Base Brown is a fell in England's Lake District, near the head of the Borrowdale Valley. It forms one side of the Seathwaite Valley, and on the western side it is flanked by the hanging valley of Gillercomb.

==Topography==
The Western Fells occupy a triangular sector of the Lake District, bordered by the River Cocker to the north east and Wasdale to the south east. Westwards the hills diminish toward the coastal plain of Cumberland.

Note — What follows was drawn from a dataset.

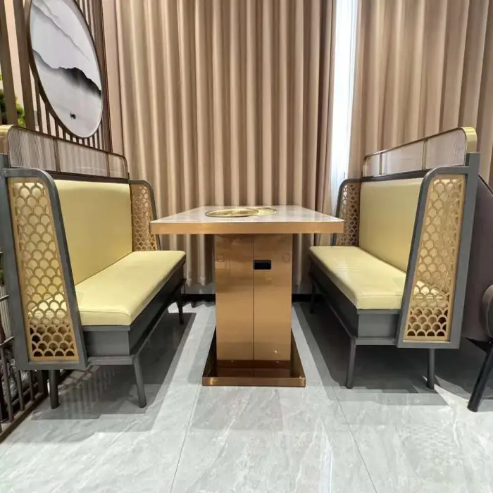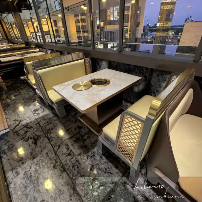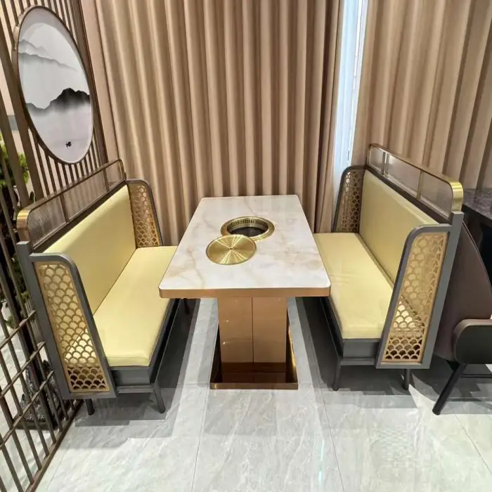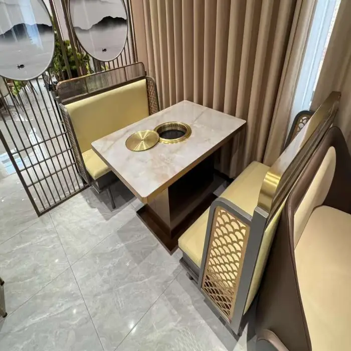 Seating capacity depends on custom dimensions. Typical rectangular commercial tables accommodate 4–8 diners. Provide the number of seats needed when ordering so the manufacturer can recommend appropriate length and grill placement.
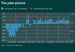 A lively debate has broken out among economists about whether the Federal Reserve will decide to slow down the pace of its asset purchase plan in September or December. Fed Chairman has suggested only that the slowdown of purchases is likely “later this year.” The Federal Reserve releases a statement at the conclusion of each of its policy-setting meetings, outlining the central bank’s economic outlook and the actions it plans to take. Much of the statement remains the same from meeting to meeting. Fed watchers closely parse changes between statements to see how the Fed’s views are evolving.

At the central hub of the high country are Great Gable and its satellites, while two principal ridges fan out on either flank of Ennerdale, the western fells in effect being a great horseshoe around this long wild valley. Base Brown is a near neighbour of Great Gable, also bordering onto the Southern Fells.

Great Gable and its lesser companion Green Gable stand at the head of Ennerdale, with the walkers' pass of Sty Head to their backs. Base Brown is the summit of the north east ridge of Green Gable, standing out into Borrowdale. All of Base Brown's waters ultimately reach this valley, passing via Derwentwater to the sea at Workington.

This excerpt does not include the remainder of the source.